Please retype every record exactly as it appears, omitting the pictures.

━━━ RECORDED DATA

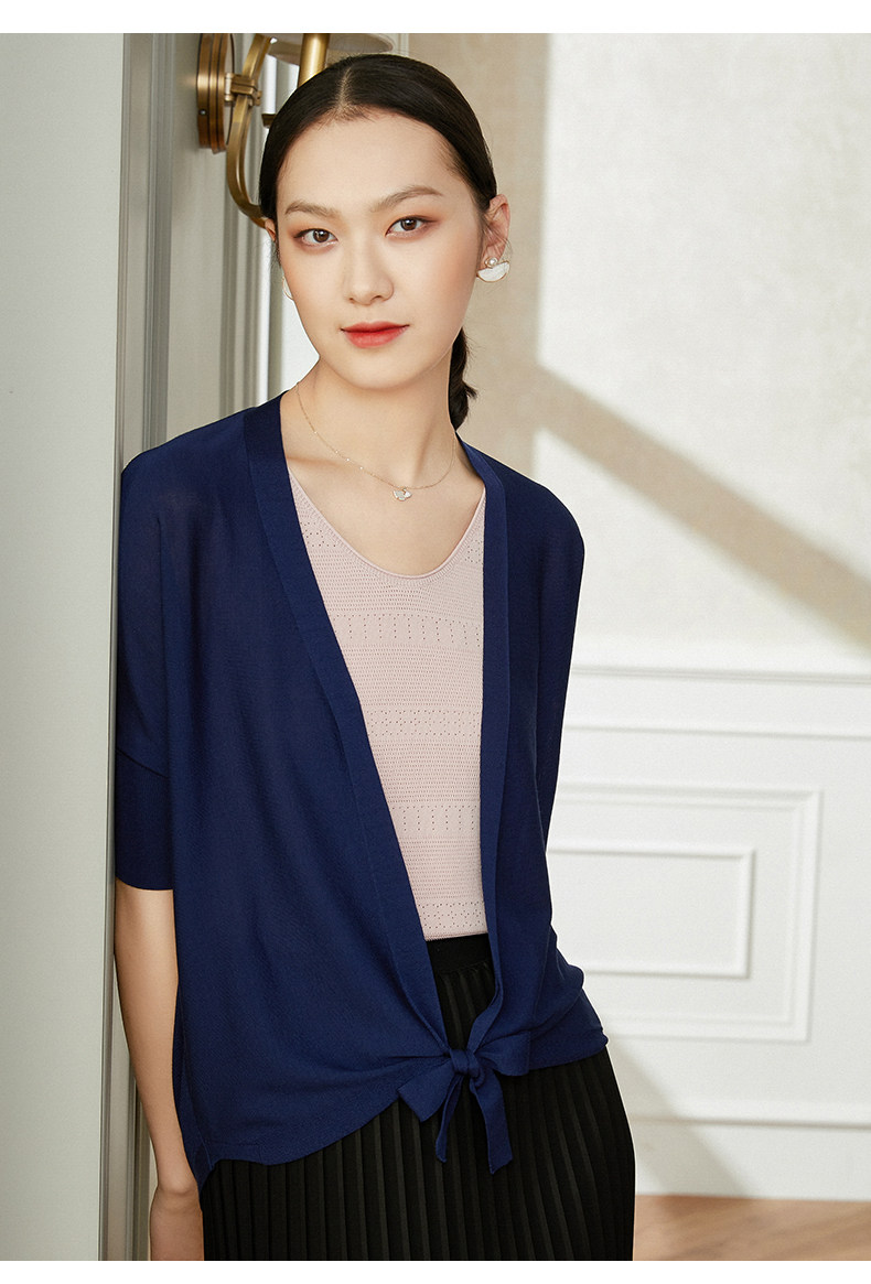 乔万尼薄款女冰丝短款针织衫女v领外套开衫外套上衣女设计感早春EI1M937
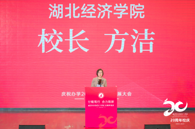 湖北经济万搏买球联赛官网(中国)官网校长方洁致辞,她向出席大会的各位领导、嘉宾、校友,表示最诚挚的欢迎!向一直以来指导、支持学校发展的湖北省教育厅、中国高等教育学会、中国民办教育协会、湖北省高等教育学会等上级部门、学会组织,表示最崇高的敬意!向长期以来关心、帮助学校发展的境内外兄弟高校、社会各界人士和广大校友,致以最衷心的感谢!
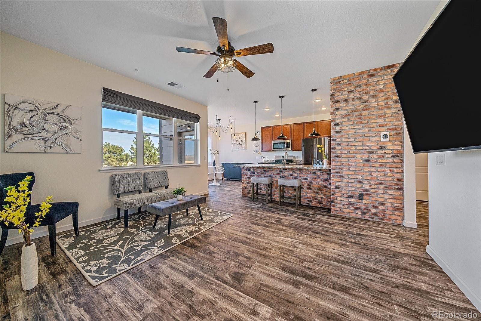 Happily ever after starts here! Experience contemporary vibes — right in the heart of Highlands Ranch! This nearly brand new and generously sized condo combines modern style with ultimate convenience in a gated community featuring a pool, fitness center, and clubhouse, private covered patio with mountain views. Enjoy effortless main floor living with reserved parking (#360) just feet from your private, main-floor entrance. Inside, you’ll find brand-new resilient flooring paired with ultra-plush carpet, plus motorized remote blinds (with remote control) throughout for that perfect touch of luxury. Open concept floorplan with spacious kitchen that is a showstopper with its massive slab granite island and breakfast bar, ideal for entertaining or relaxed nights in. A dedicated dining area and large living room make this open layout both inviting and functional. There’s plenty of storage everywhere — from the pantry and interior closets to the locked exterior storage off your covered patio, perfect for enjoying the Colorado outdoors year-round. You’ll even have a 4-foot-high crawlspace for bonus storage! With low taxes, plethora of visitor parking, and unbeatable access to nearby shops, dining, trails, and transit — this home truly has it all. HRCA access to 4 rec centers, trails, tennis & pickleball. Prime location near Lone Tree, Littleton, Greenwood Village, Park Meadows, UC Health, dining & shopping nearby at Highlands Ranch Town Center! Move-in ready and zero down payment eligible! FHA approved! Or buy as an investment property. Don’t miss out — schedule your private showing today before this Highlands Ranch gem is gone!
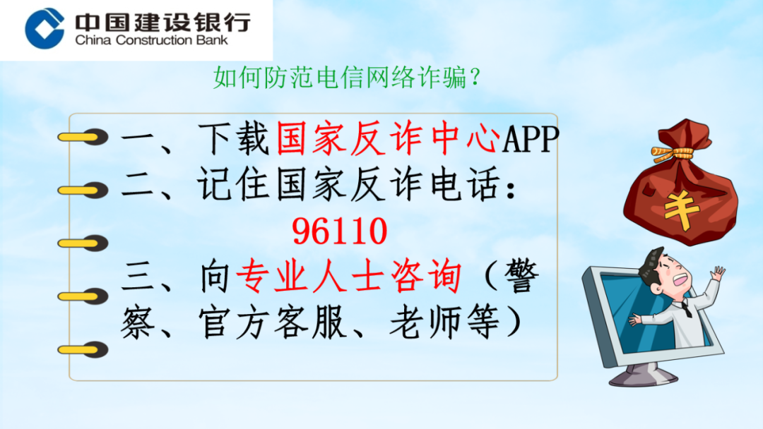 讲座现场,建行宣讲老师从常见诈骗手段种类、什么是反洗钱、避诈骗陷阱“三不要”、怎样保护自己远离洗钱风险、防范非法网贷、校园贷、套路贷等方面引导同学们如何提高风险意识、防范金融诈骗,并通过精彩的案例分析、宣传视频进行全方位辅助宣讲。
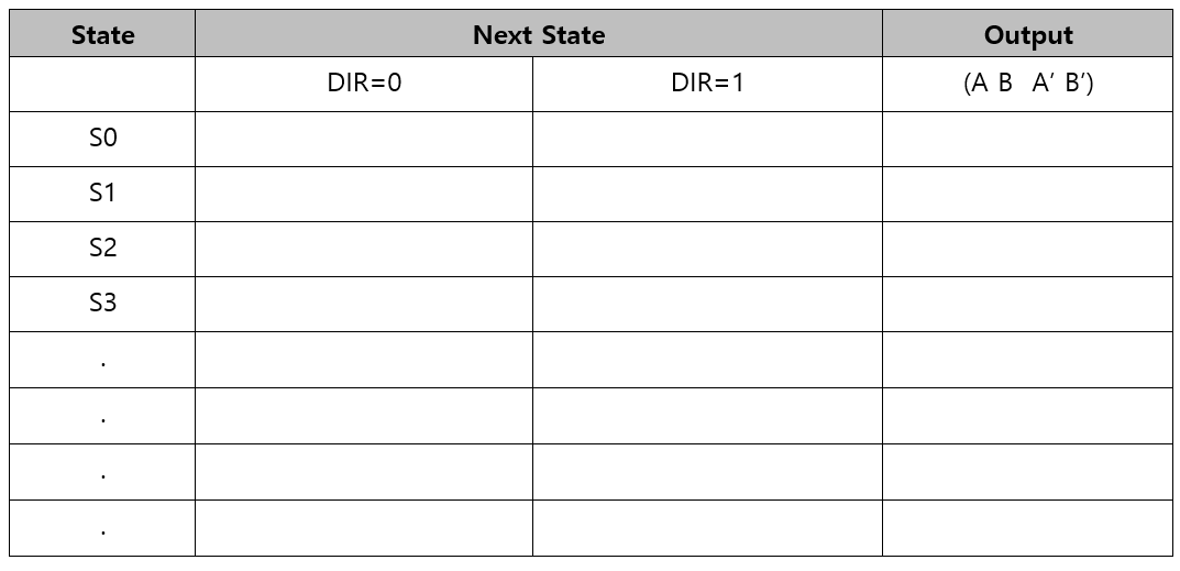 Draw a State Table for Full-Step Sequence. You can choose either Moore FSM or Mealy.
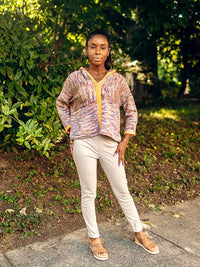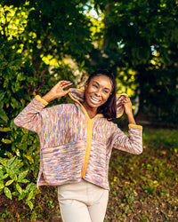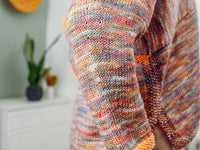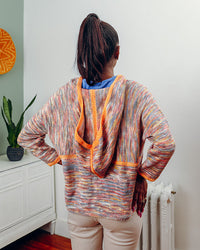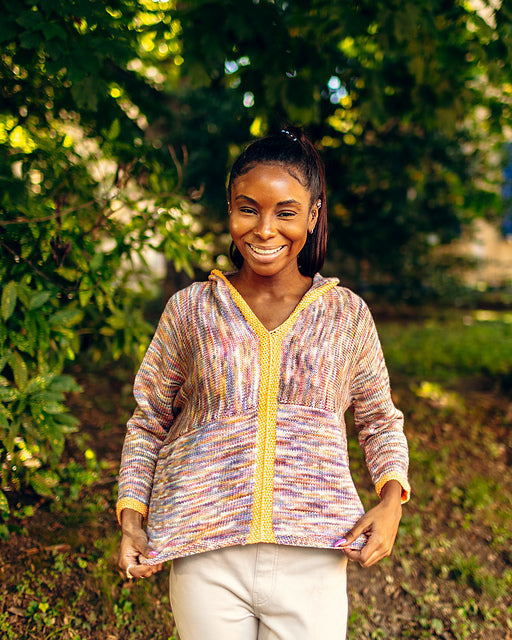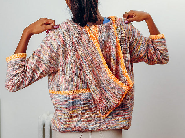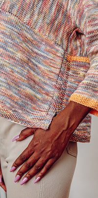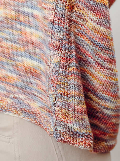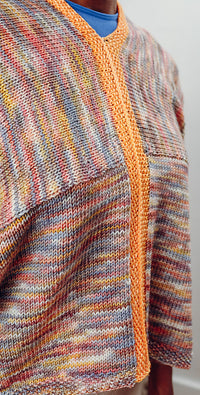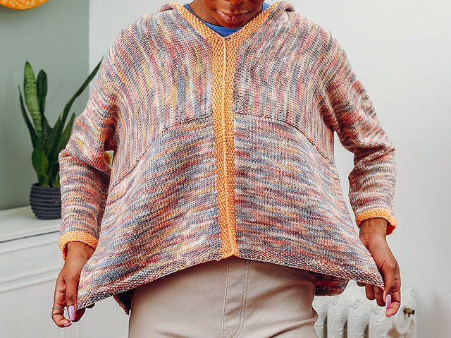 Contrast edging and modular knitting makes this an entertaining knit, while the oversized proportion in a delicious drapey fabric make it even more fun to wear.
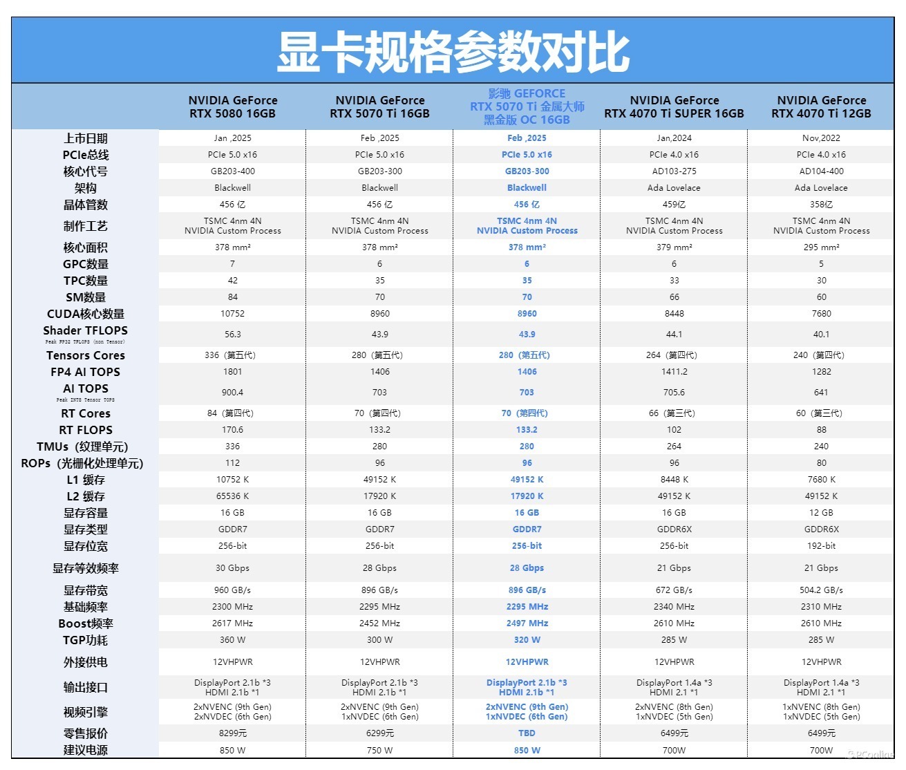 从规格参数来看,GEFORCE RTX 5070 Ti配备了6个GPC、35个TPC、70个SM单元、280个TMUs纹理单元、96个ROPs光栅化处理单元,以及8960个CUDA核心。与上一代的GEFORCE RTX 4070 Ti相比,GEFORCE RTX 5070 Ti在性能规格上更胜一筹,其大部分参数甚至超过了GEFORCE RTX 4070 Ti SUPER显卡。

━━━━━━

■ **RESULT BELOW**
 乔万尼薄款女冰丝短款针织衫女v领外套开衫外套上衣女设计感早春EI1M937
 湖北经济万搏买球联赛官网(中国)官网校长方洁致辞,她向出席大会的各位领导、嘉宾、校友,表示最诚挚的欢迎!向一直以来指导、支持学校发展的湖北省教育厅、中国高等教育学会、中国民办教育协会、湖北省高等教育学会等上级部门、学会组织,表示最崇高的敬意!向长期以来关心、帮助学校发展的境内外兄弟高校、社会各界人士和广大校友,致以最衷心的感谢!
 Happily ever after starts here! Experience contemporary vibes — right in the heart of Highlands Ranch! This nearly brand new and generously sized condo combines modern style with ultimate convenience in a gated community featuring a pool, fitness center, and clubhouse, private covered patio with mountain views. Enjoy effortless main floor living with reserved parking (#360) just feet from your private, main-floor entrance. Inside, you’ll find brand-new resilient flooring paired with ultra-plush carpet, plus motorized remote blinds (with remote control) throughout for that perfect touch of luxury. Open concept floorplan with spacious kitchen that is a showstopper with its massive slab granite island and breakfast bar, ideal for entertaining or relaxed nights in. A dedicated dining area and large living room make this open layout both inviting and functional. There’s plenty of storage everywhere — from the pantry and interior closets to the locked exterior storage off your covered patio, perfect for enjoying the Colorado outdoors year-round. You’ll even have a 4-foot-high crawlspace for bonus storage! With low taxes, plethora of visitor parking, and unbeatable access to nearby shops, dining, trails, and transit — this home truly has it all. HRCA access to 4 rec centers, trails, tennis & pickleball. Prime location near Lone Tree, Littleton, Greenwood Village, Park Meadows, UC Health, dining & shopping nearby at Highlands Ranch Town Center! Move-in ready and zero down payment eligible! FHA approved! Or buy as an investment property. Don’t miss out — schedule your private showing today before this Highlands Ranch gem is gone!
 讲座现场,建行宣讲老师从常见诈骗手段种类、什么是反洗钱、避诈骗陷阱“三不要”、怎样保护自己远离洗钱风险、防范非法网贷、校园贷、套路贷等方面引导同学们如何提高风险意识、防范金融诈骗,并通过精彩的案例分析、宣传视频进行全方位辅助宣讲。
 Draw a State Table for Full-Step Sequence. You can choose either Moore FSM or Mealy.
 Contrast edging and modular knitting makes this an entertaining knit, while the oversized proportion in a delicious drapey fabric make it even more fun to wear.
 从规格参数来看,GEFORCE RTX 5070 Ti配备了6个GPC、35个TPC、70个SM单元、280个TMUs纹理单元、96个ROPs光栅化处理单元,以及8960个CUDA核心。与上一代的GEFORCE RTX 4070 Ti相比,GEFORCE RTX 5070 Ti在性能规格上更胜一筹,其大部分参数甚至超过了GEFORCE RTX 4070 Ti SUPER显卡。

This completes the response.